Pictures should be left out while the data beneath this task is written out word for word.

_EXERCISE DATA_
•••
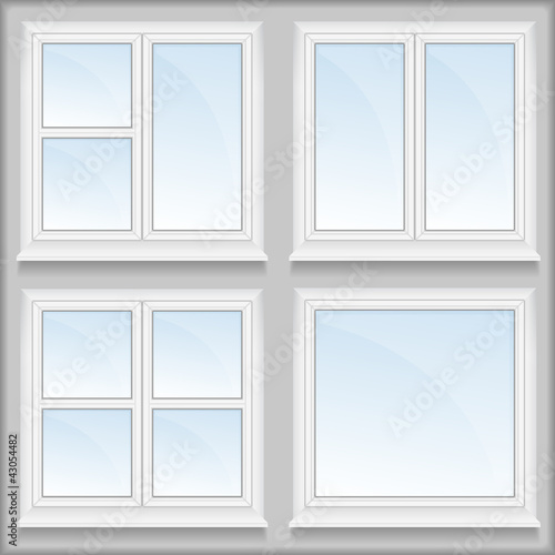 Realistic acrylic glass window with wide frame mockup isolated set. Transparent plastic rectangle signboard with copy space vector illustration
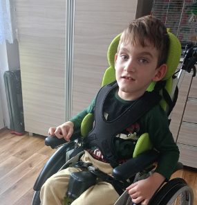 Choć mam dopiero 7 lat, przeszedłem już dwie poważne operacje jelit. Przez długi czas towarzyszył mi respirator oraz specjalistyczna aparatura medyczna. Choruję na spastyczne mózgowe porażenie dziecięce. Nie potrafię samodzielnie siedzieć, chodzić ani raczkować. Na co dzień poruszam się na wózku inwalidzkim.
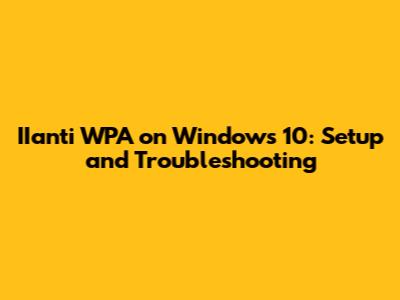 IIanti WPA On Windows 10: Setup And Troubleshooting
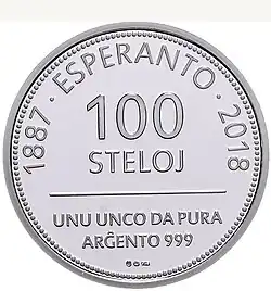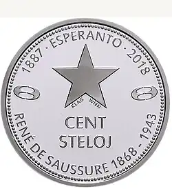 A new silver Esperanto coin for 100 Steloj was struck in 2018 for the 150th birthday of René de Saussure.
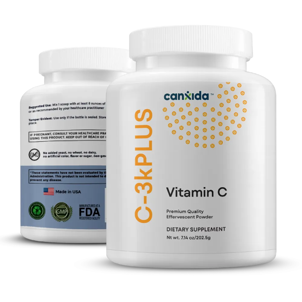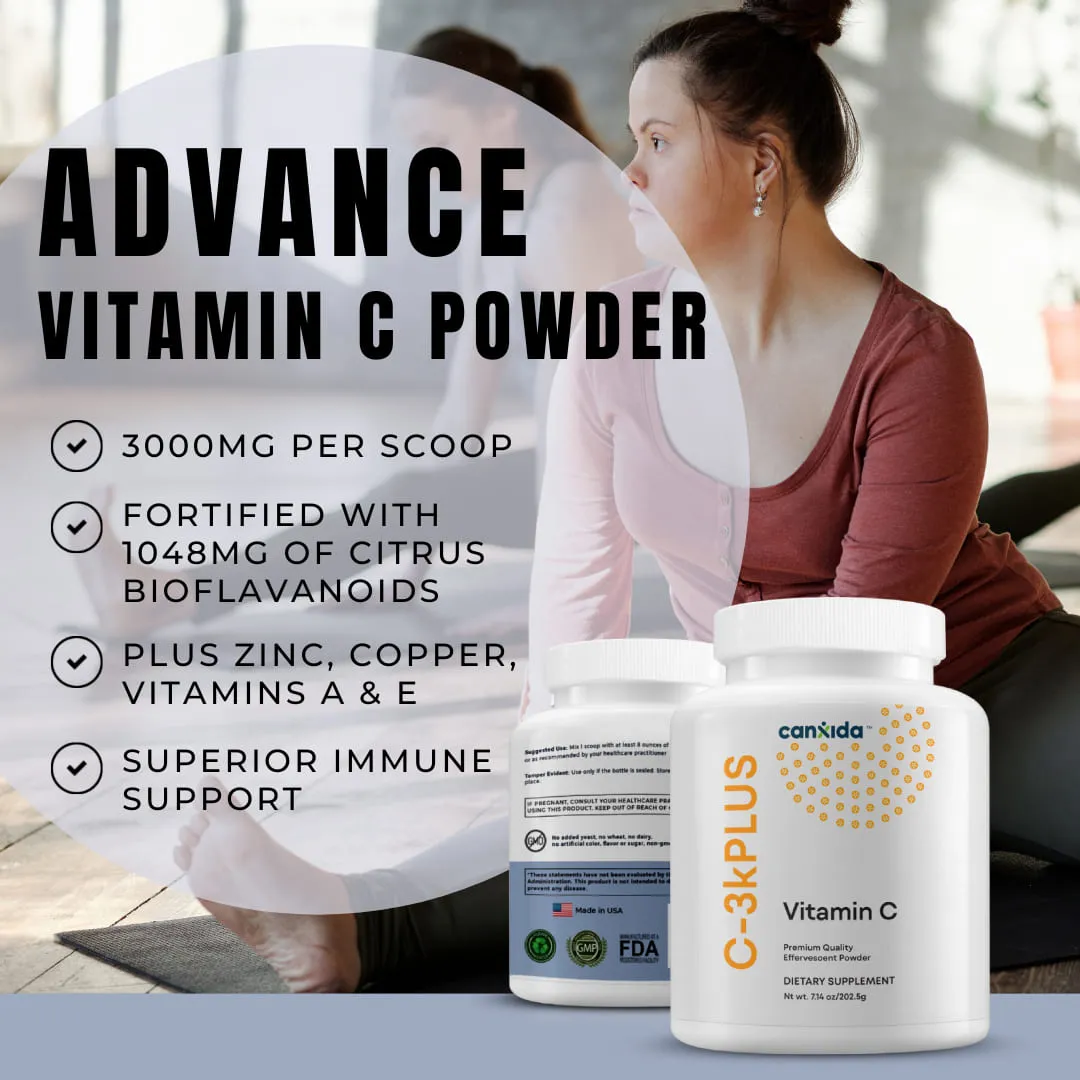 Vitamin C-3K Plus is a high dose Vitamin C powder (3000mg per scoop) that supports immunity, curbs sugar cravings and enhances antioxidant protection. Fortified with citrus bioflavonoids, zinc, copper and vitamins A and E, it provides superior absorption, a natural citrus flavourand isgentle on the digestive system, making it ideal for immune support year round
•••
_RESPONSE AREA_
 Realistic acrylic glass window with wide frame mockup isolated set. Transparent plastic rectangle signboard with copy space vector illustration
 Choć mam dopiero 7 lat, przeszedłem już dwie poważne operacje jelit. Przez długi czas towarzyszył mi respirator oraz specjalistyczna aparatura medyczna. Choruję na spastyczne mózgowe porażenie dziecięce. Nie potrafię samodzielnie siedzieć, chodzić ani raczkować. Na co dzień poruszam się na wózku inwalidzkim.
 IIanti WPA On Windows 10: Setup And Troubleshooting
 A new silver Esperanto coin for 100 Steloj was struck in 2018 for the 150th birthday of René de Saussure.
 Vitamin C-3K Plus is a high dose Vitamin C powder (3000mg per scoop) that supports immunity, curbs sugar cravings and enhances antioxidant protection. Fortified with citrus bioflavonoids, zinc, copper and vitamins A and E, it provides superior absorption, a natural citrus flavourand isgentle on the digestive system, making it ideal for immune support year round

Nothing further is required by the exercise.